Engaging employees across the business in new ways.

Traditional cost cutting efforts are driven top-down. While an element of this is necessary, hitting ambitious savings goals will require the efforts of many, many people across the business looking for opportunities and implementing new ideas. First, help your employee base understand what needs to be accomplished and why, and what effective cost management efforts will enable the future – such as increased revenue, decreased duplication of efforts and wasted time, and increased affordability for customers. Then, provide meaningful opportunities for those closest to contribute to the path forward. In traditionally command and control organizations, this can be a massive culture shift – but it’s sure to pay off.

For example, one large utility pulled together multiple cross-functional, cross-level teams, targeted at specific areas of the business where they knew they were losing money but hadn’t found viable, lasting solutions. They were supported by senior executives, but given space to explore the problem, come up with new solutions, and test them out. This resulted in significant annual cost savings. Through an invoice validation exercise, one team realized that several of their Gas contractors were mischarging work to O&M rather than Capital – anywhere from $12M – $13M each year. Another team found creative ways to decrease unable to complete jobs, saving $1.4M. Another utility was able to save on consultant fees by enabling volunteers to complete a data clean-up effort, in advance of an SAP implementation, in 90 days – something every consulting firm they spoke to said would take at least six to twelve months. Imagine the impact of inspiring action from employees across the business. Even small savings will start to add up if you get hundreds or thousands of people catalyzed in this way.

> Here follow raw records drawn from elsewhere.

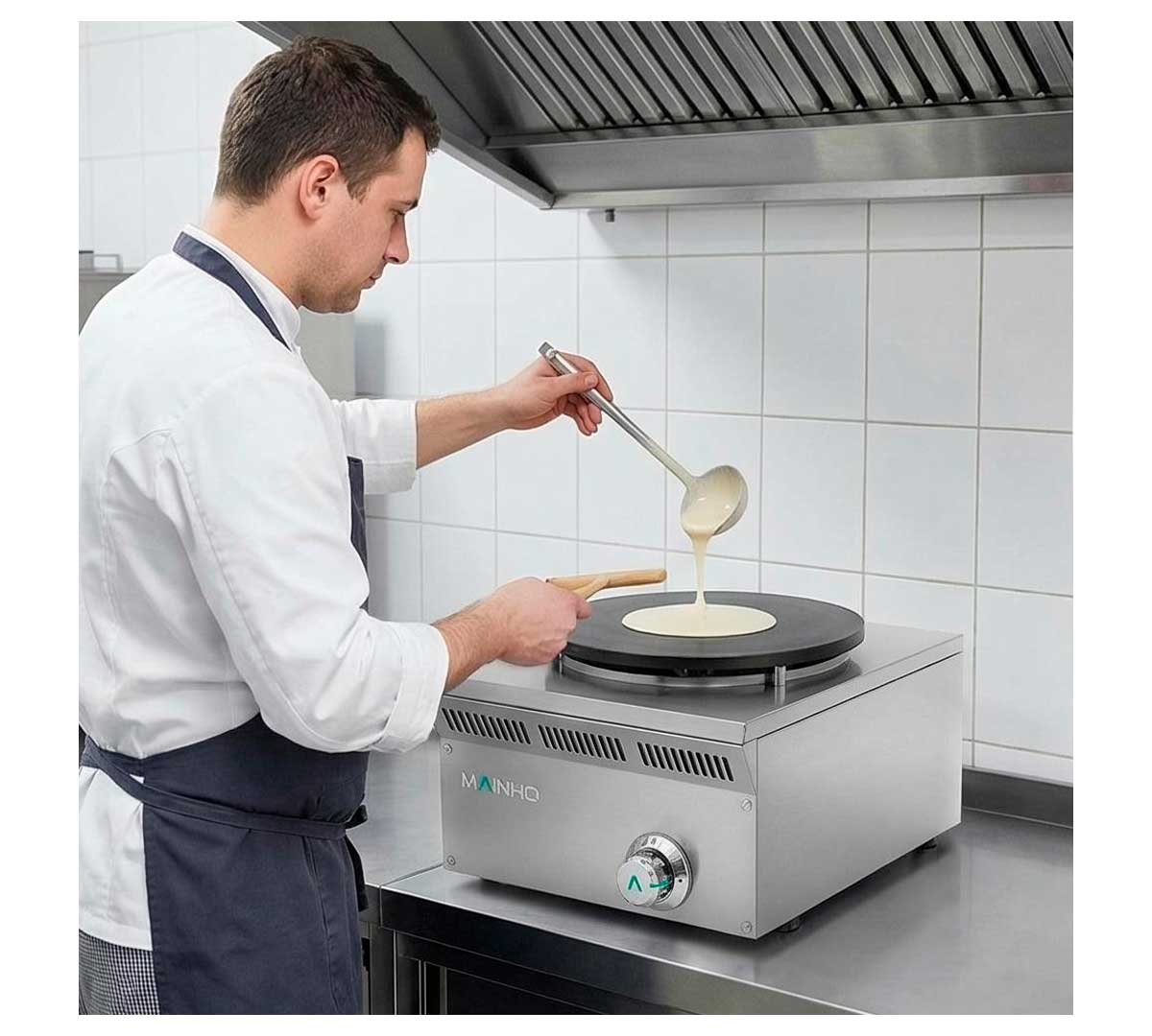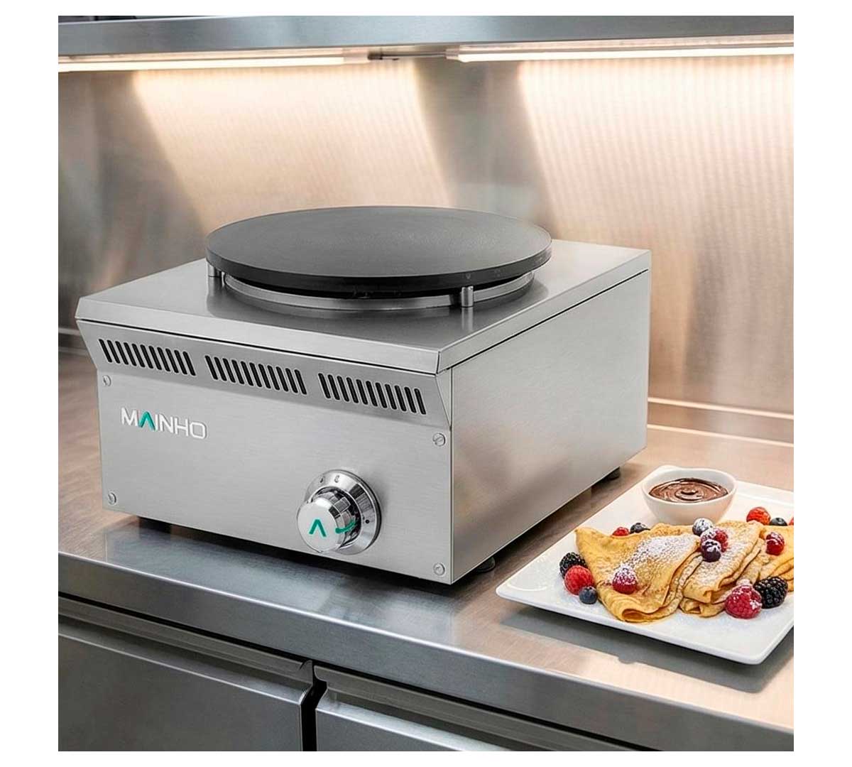 Este equipo está especialmente indicado para la preparación de crepes dulces y salados en cafeterías, creperías, buffets, eventos y servicios de catering. Su diseño compacto permite integrarlo fácilmente en cocinas con espacio limitado, mientras que su robustez y control térmico lo hacen perfecto para un uso intensivo y continuo.
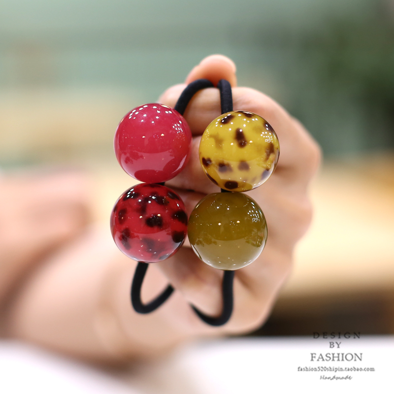 川野日韩纯色珠子橡皮筋女新款简约可爱头绳不勒发无扎痕头饰发饰
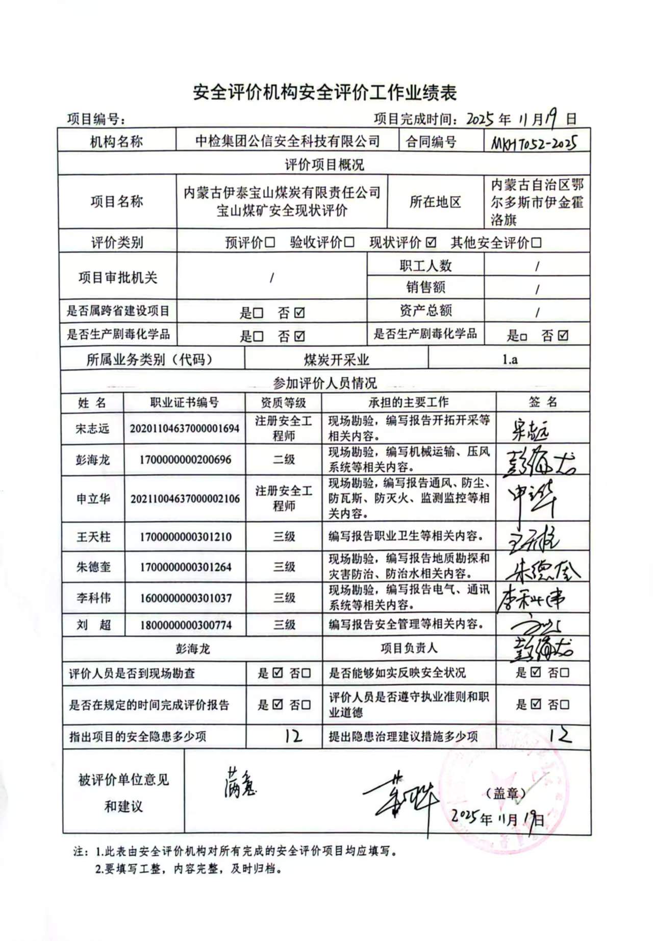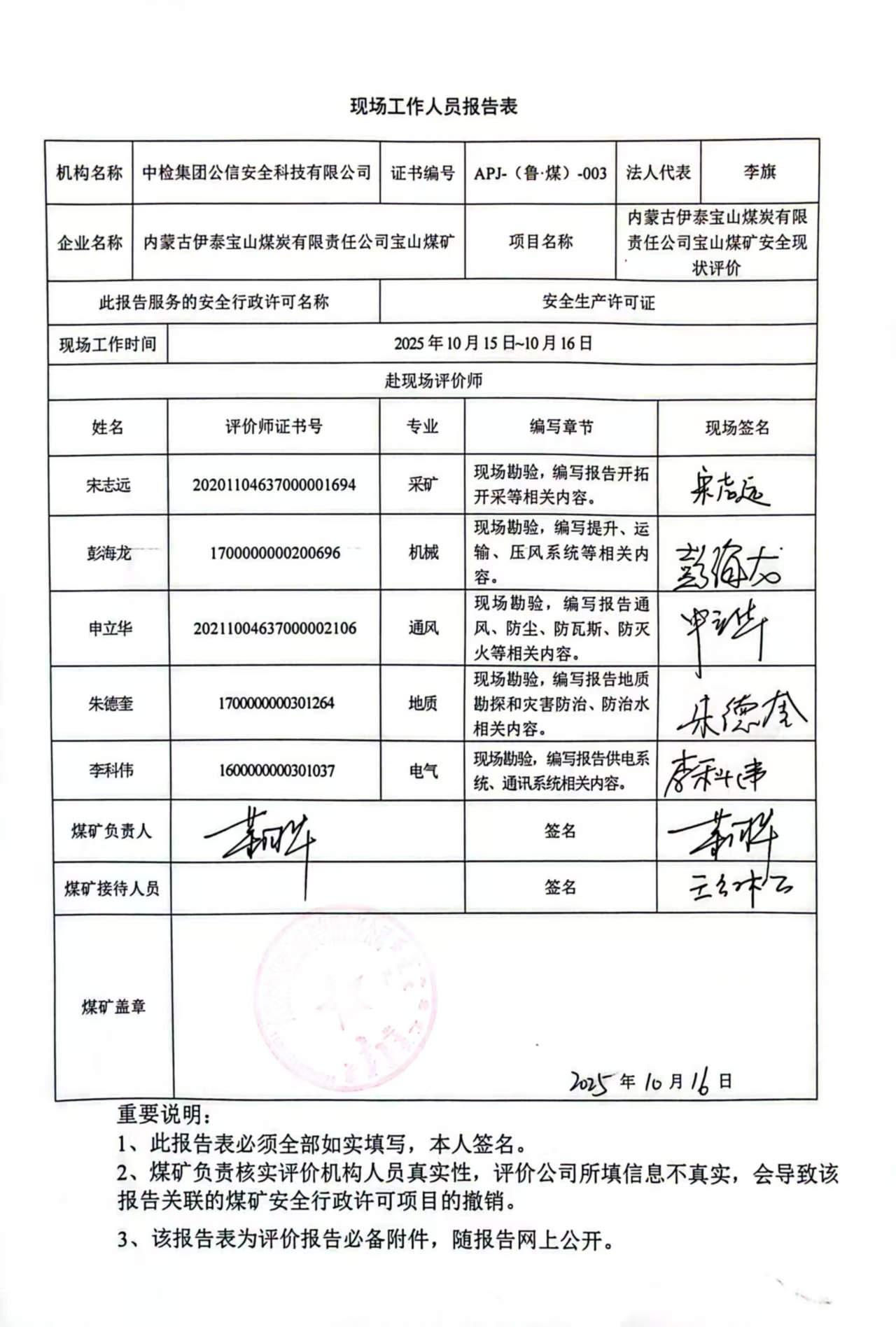 現(xiàn)場(chǎng)開展安全評(píng)價(jià)工作的人員、時(shí)間及主要任務(wù): 彭海龍 李科偉 申立華 朱德奎 宋志遠(yuǎn)于2025年10月15日~16日到現(xiàn)場(chǎng)進(jìn)行調(diào)查、搜集資料,進(jìn)行現(xiàn)場(chǎng)評(píng)價(jià)。 彭海龍 宋志遠(yuǎn)于2025年10月18日對(duì)現(xiàn)場(chǎng)問題進(jìn)行復(fù)查,礦方均已整改合格。 彭海龍 王天柱 申立華 朱德奎 宋志遠(yuǎn) 李科偉 劉超 對(duì)報(bào)告進(jìn)行了編寫。 | |||||||

Managing inevitable fear and anxiety.  

With any cost management effort, there will be natural fear and anxiety. No matter how hard leaders may try to avoid it, people’s natural Survive response will inevitably kick in. Reduction in force, centralization of functions, automation, and accelerated timelines all raise a lot of difficult questions – many of which may not be answerable at the outset of the cost cutting push. However, it is possible to mitigate how extreme this Survive response may be across the company.

To help quell some of this natural apprehension amongst employees, leaders should continue to balance communication – acknowledging the reality of the current situation that’s driving the need to save, while also highlighting what future opportunities a more stable cost structure will enable for the business, employees, and customers in the future. Furthermore, strive to be as transparent as possible throughout the process. Let people know what is known and what isn’t, what anticipated timelines are, and who they can reach out to if they have questions or concerns. Find opportunities to reinforce and celebrate progress along the way, including putting a spotlight on new ways of working that are enabling these positive outcomes. Lastly, leaders need to communicate much more than they think they need to. For messages to stick, and to break down cultural and mindset barriers (e.g. “the next rate case will help us close the gap” or “we just need a hot summer / cold winter, and we’ll be back on track”), leaders need to reinforce messaging on a regular basis – leveraging various modalities, like 1:1 conversations, townhalls, emails, videos, and more. 

Utilities are, undeniably, facing very real economic challenges. All while striving to reliably and affordably deliver energy to customers who depend on their services. Those that can approach these cost cutting efforts in a way that balances short-term need and future growth aspirations – capitalizing on the strategies outlined in this article – are much more likely to set the business up to thrive in the years to come.